REQUIRED ACTION = In the copy, keep every record exact and leave out all images.
━━━ MATERIAL FOR THIS EXERCISE ━━━
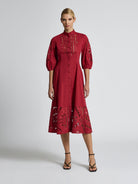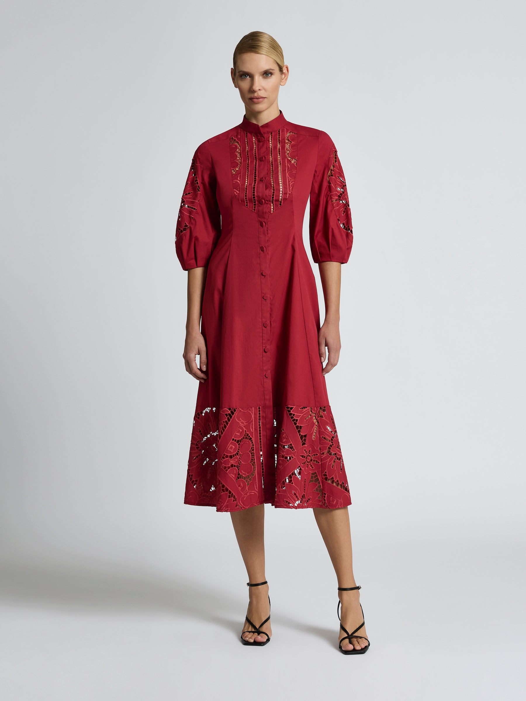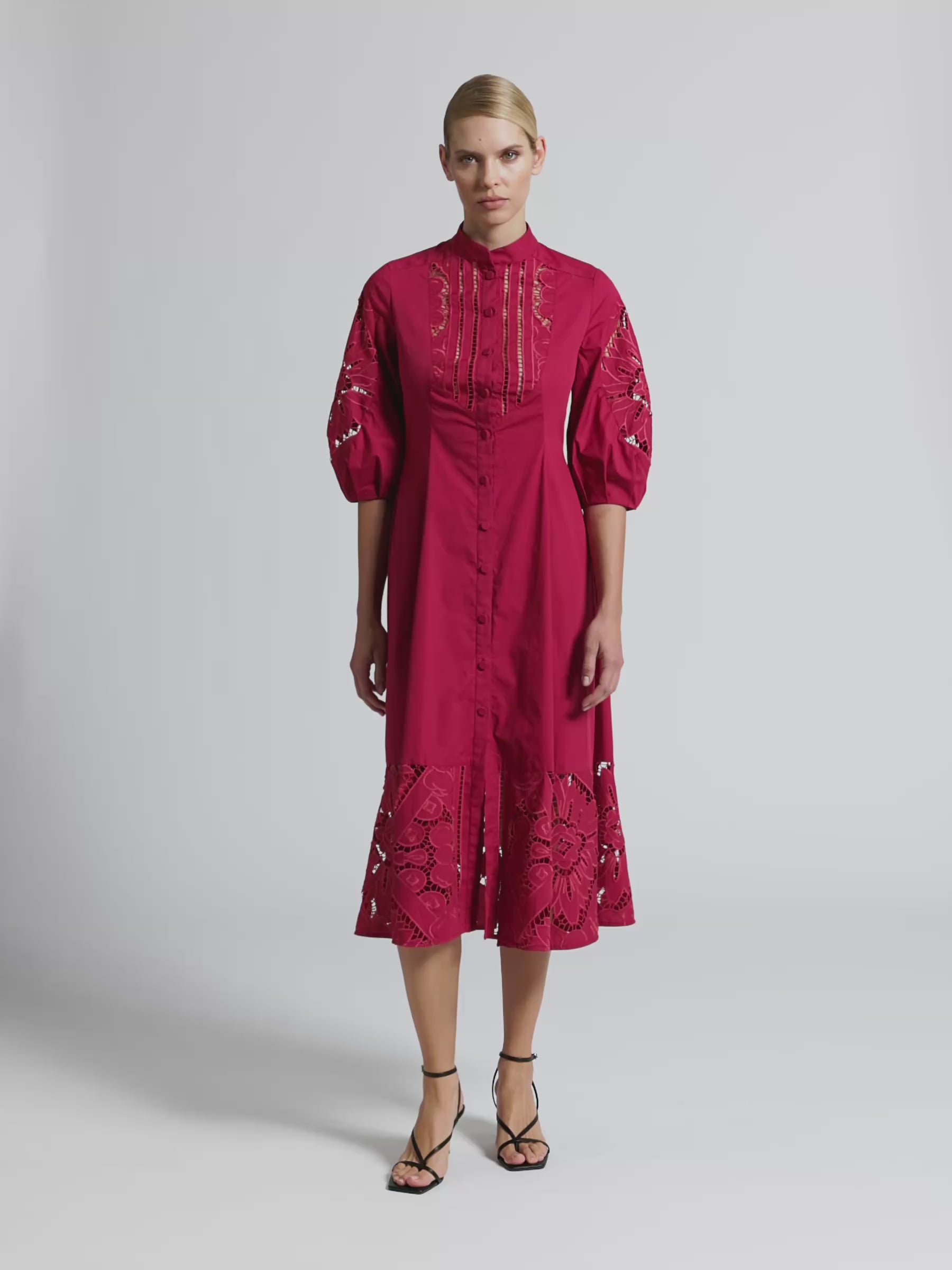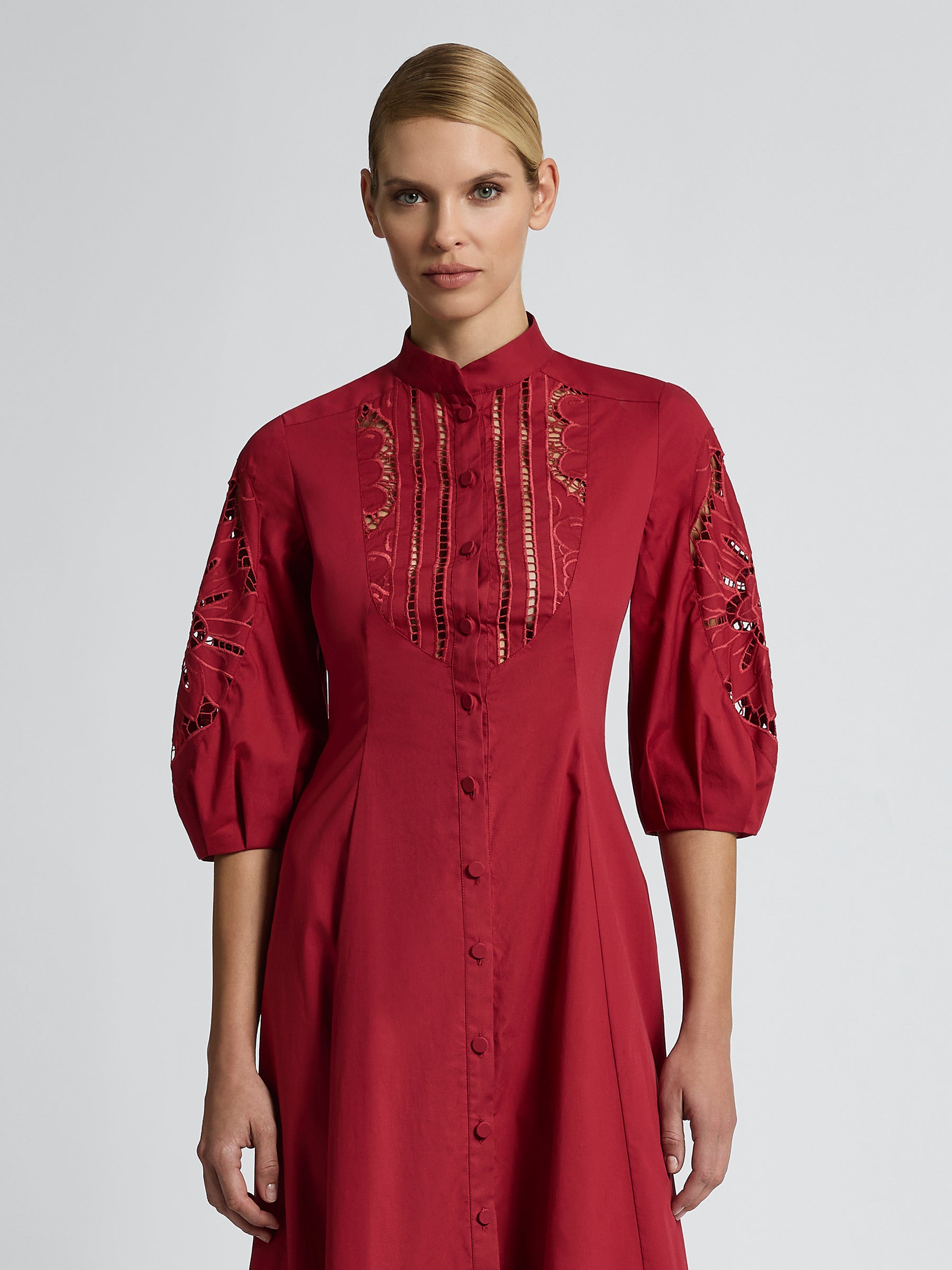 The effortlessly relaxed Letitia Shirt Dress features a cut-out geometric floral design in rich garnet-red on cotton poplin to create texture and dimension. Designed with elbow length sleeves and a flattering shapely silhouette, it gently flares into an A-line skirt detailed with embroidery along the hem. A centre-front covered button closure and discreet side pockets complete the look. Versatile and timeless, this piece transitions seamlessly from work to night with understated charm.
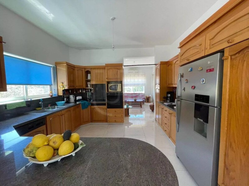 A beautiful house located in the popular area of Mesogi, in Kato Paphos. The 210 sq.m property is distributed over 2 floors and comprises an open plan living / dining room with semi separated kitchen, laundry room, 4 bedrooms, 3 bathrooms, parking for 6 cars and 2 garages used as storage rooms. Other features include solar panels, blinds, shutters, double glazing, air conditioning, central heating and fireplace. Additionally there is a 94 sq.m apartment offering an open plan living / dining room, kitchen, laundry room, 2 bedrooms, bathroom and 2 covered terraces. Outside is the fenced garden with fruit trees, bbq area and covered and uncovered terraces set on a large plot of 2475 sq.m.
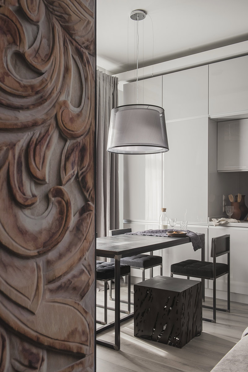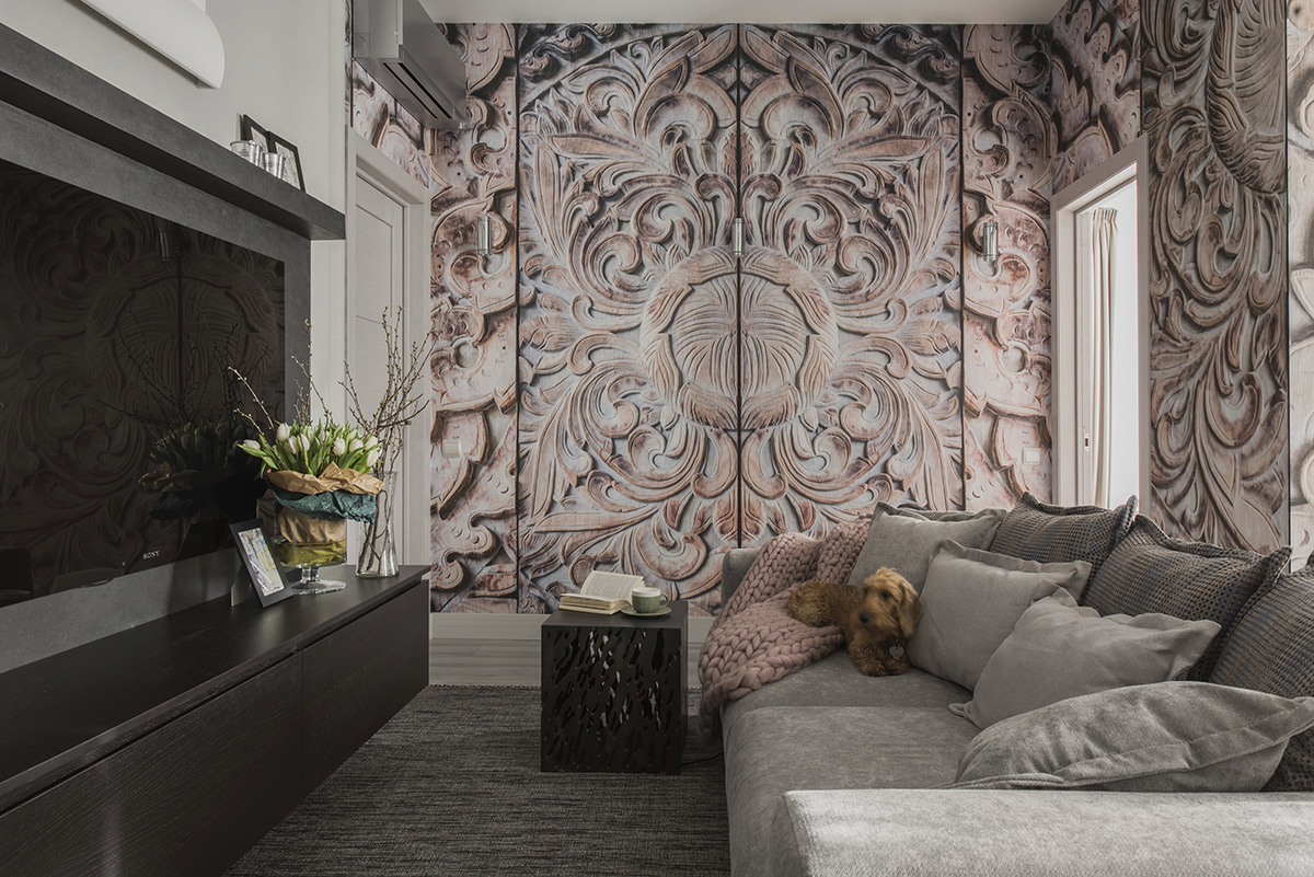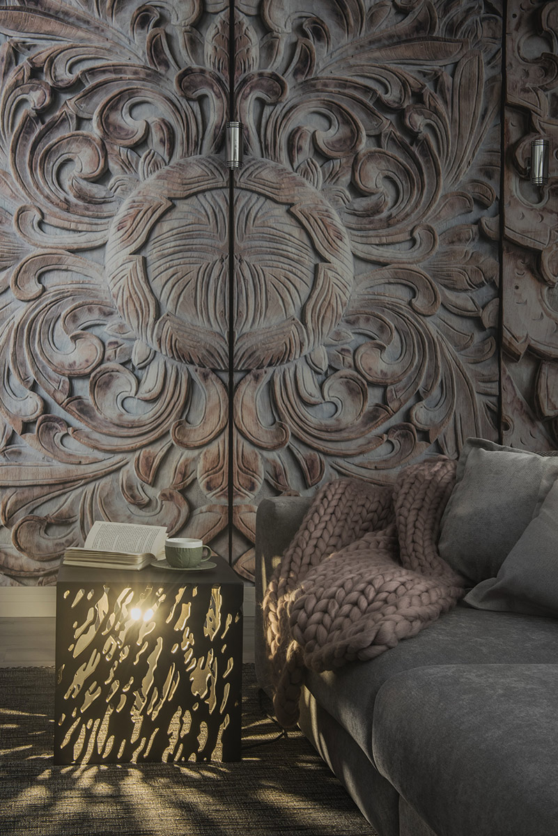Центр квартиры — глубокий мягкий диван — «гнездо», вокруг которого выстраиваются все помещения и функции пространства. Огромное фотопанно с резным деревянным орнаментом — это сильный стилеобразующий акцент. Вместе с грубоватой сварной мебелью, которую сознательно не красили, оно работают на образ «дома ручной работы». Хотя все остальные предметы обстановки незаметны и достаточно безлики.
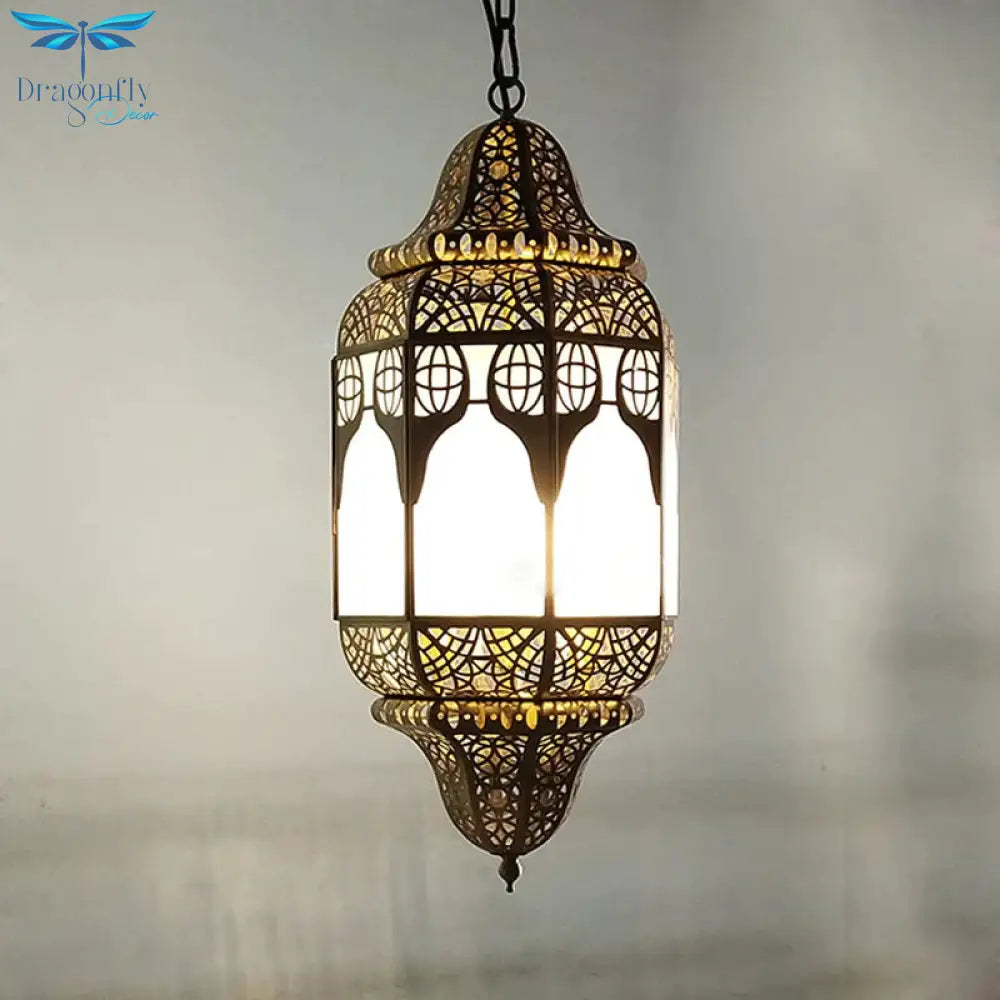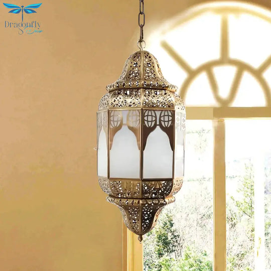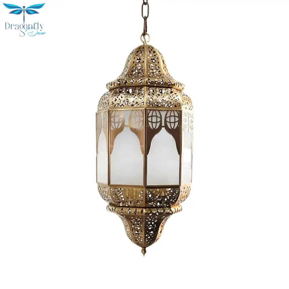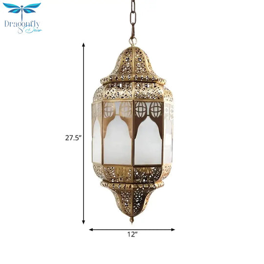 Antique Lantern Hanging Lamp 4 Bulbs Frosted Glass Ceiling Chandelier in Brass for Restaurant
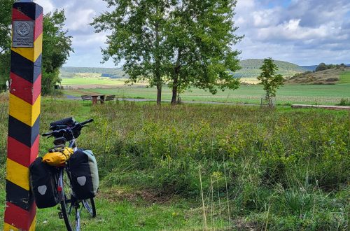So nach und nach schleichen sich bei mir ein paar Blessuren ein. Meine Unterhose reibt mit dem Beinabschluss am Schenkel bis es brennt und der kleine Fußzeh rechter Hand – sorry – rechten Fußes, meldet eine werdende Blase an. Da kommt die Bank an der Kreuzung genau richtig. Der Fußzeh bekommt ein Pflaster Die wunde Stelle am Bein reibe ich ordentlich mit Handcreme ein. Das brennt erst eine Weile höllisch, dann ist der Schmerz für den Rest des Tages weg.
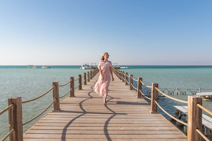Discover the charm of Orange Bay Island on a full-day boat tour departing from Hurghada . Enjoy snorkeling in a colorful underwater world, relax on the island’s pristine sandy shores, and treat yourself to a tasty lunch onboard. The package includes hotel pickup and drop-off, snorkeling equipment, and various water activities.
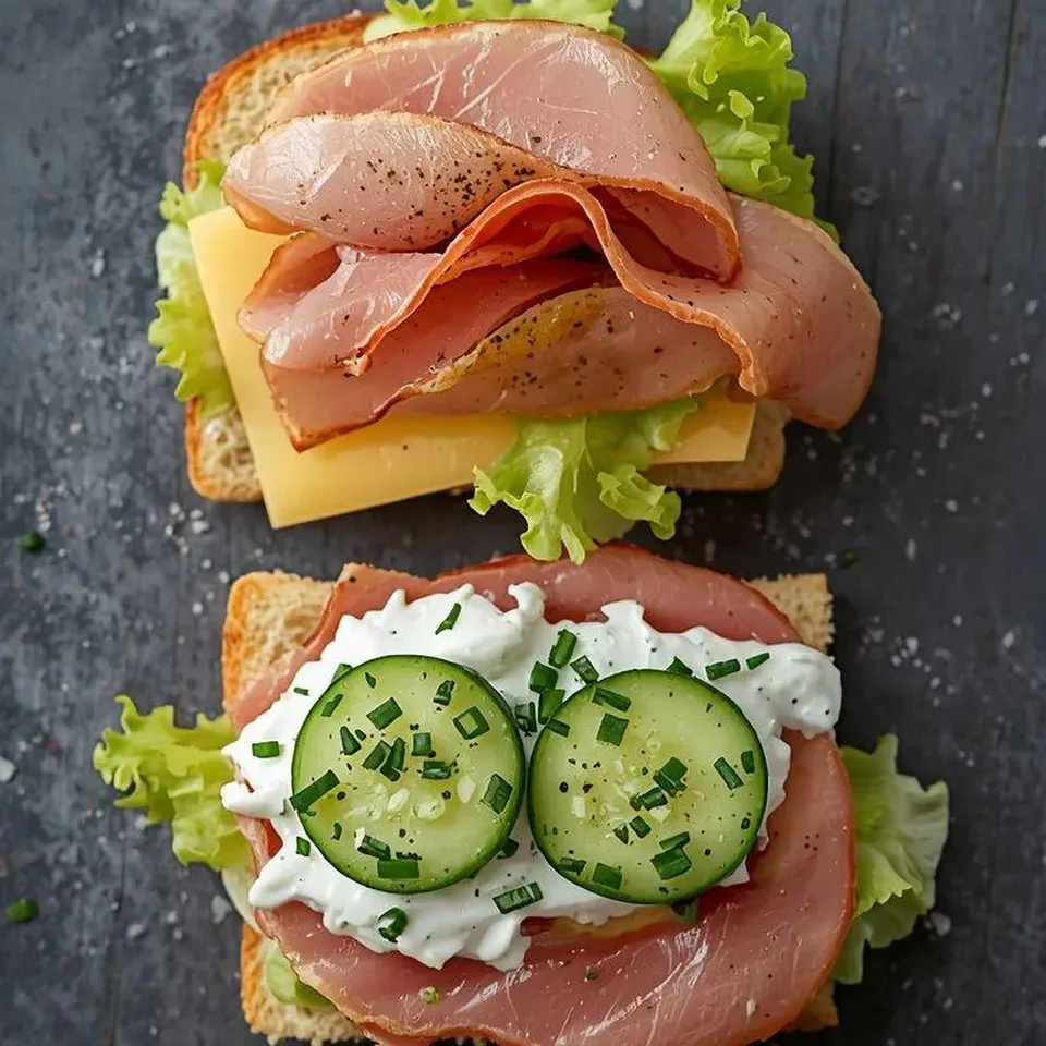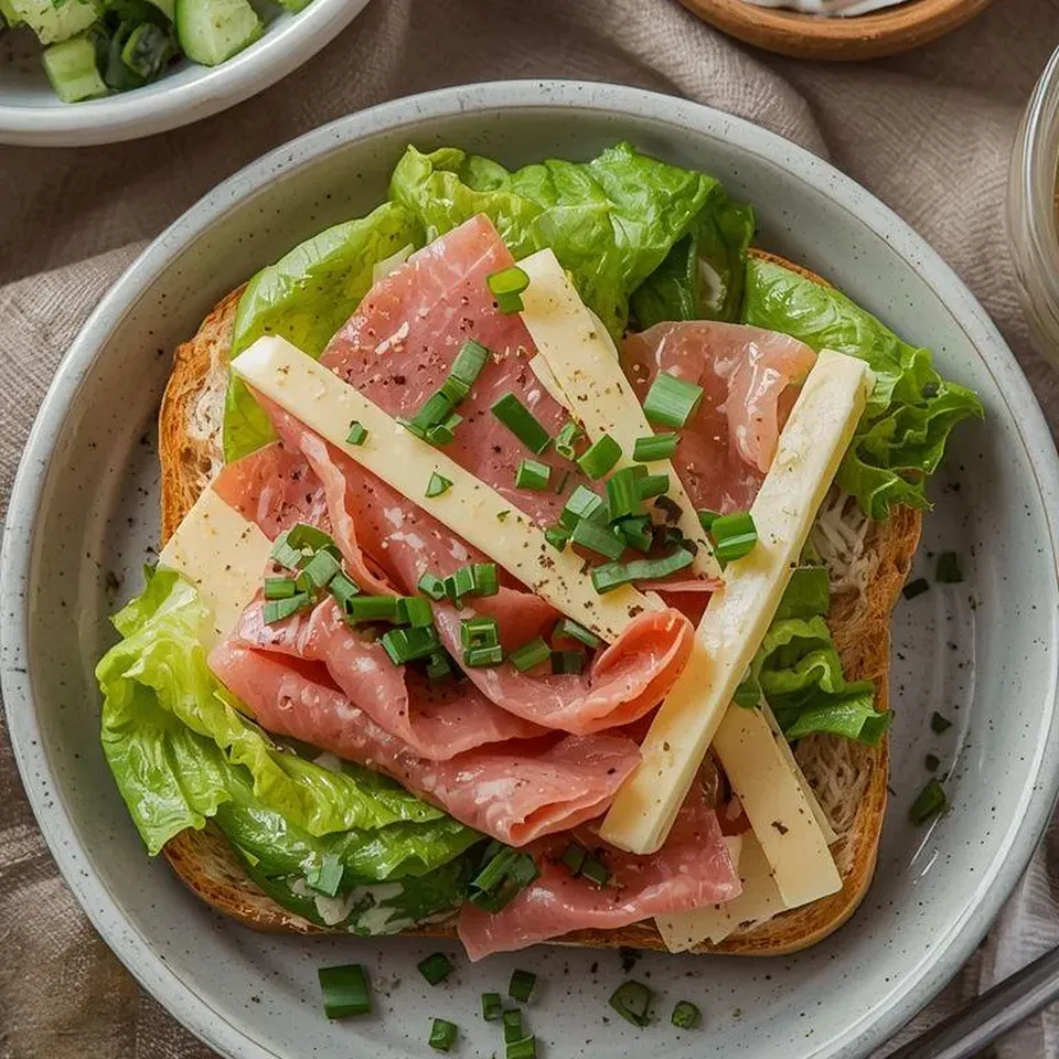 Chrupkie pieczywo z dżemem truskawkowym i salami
━━━
RESPONSE AREA =
 The effortlessly relaxed Letitia Shirt Dress features a cut-out geometric floral design in rich garnet-red on cotton poplin to create texture and dimension. Designed with elbow length sleeves and a flattering shapely silhouette, it gently flares into an A-line skirt detailed with embroidery along the hem. A centre-front covered button closure and discreet side pockets complete the look. Versatile and timeless, this piece transitions seamlessly from work to night with understated charm.
 A beautiful house located in the popular area of Mesogi, in Kato Paphos. The 210 sq.m property is distributed over 2 floors and comprises an open plan living / dining room with semi separated kitchen, laundry room, 4 bedrooms, 3 bathrooms, parking for 6 cars and 2 garages used as storage rooms. Other features include solar panels, blinds, shutters, double glazing, air conditioning, central heating and fireplace. Additionally there is a 94 sq.m apartment offering an open plan living / dining room, kitchen, laundry room, 2 bedrooms, bathroom and 2 covered terraces. Outside is the fenced garden with fruit trees, bbq area and covered and uncovered terraces set on a large plot of 2475 sq.m.
Центр квартиры — глубокий мягкий диван — «гнездо», вокруг которого выстраиваются все помещения и функции пространства. Огромное фотопанно с резным деревянным орнаментом — это сильный стилеобразующий акцент. Вместе с грубоватой сварной мебелью, которую сознательно не красили, оно работают на образ «дома ручной работы». Хотя все остальные предметы обстановки незаметны и достаточно безлики.
 Antique Lantern Hanging Lamp 4 Bulbs Frosted Glass Ceiling Chandelier in Brass for Restaurant
So nach und nach schleichen sich bei mir ein paar Blessuren ein. Meine Unterhose reibt mit dem Beinabschluss am Schenkel bis es brennt und der kleine Fußzeh rechter Hand – sorry – rechten Fußes, meldet eine werdende Blase an. Da kommt die Bank an der Kreuzung genau richtig. Der Fußzeh bekommt ein Pflaster Die wunde Stelle am Bein reibe ich ordentlich mit Handcreme ein. Das brennt erst eine Weile höllisch, dann ist der Schmerz für den Rest des Tages weg.
Discover the charm of Orange Bay Island on a full-day boat tour departing from Hurghada . Enjoy snorkeling in a colorful underwater world, relax on the island’s pristine sandy shores, and treat yourself to a tasty lunch onboard. The package includes hotel pickup and drop-off, snorkeling equipment, and various water activities.
 Chrupkie pieczywo z dżemem truskawkowym i salami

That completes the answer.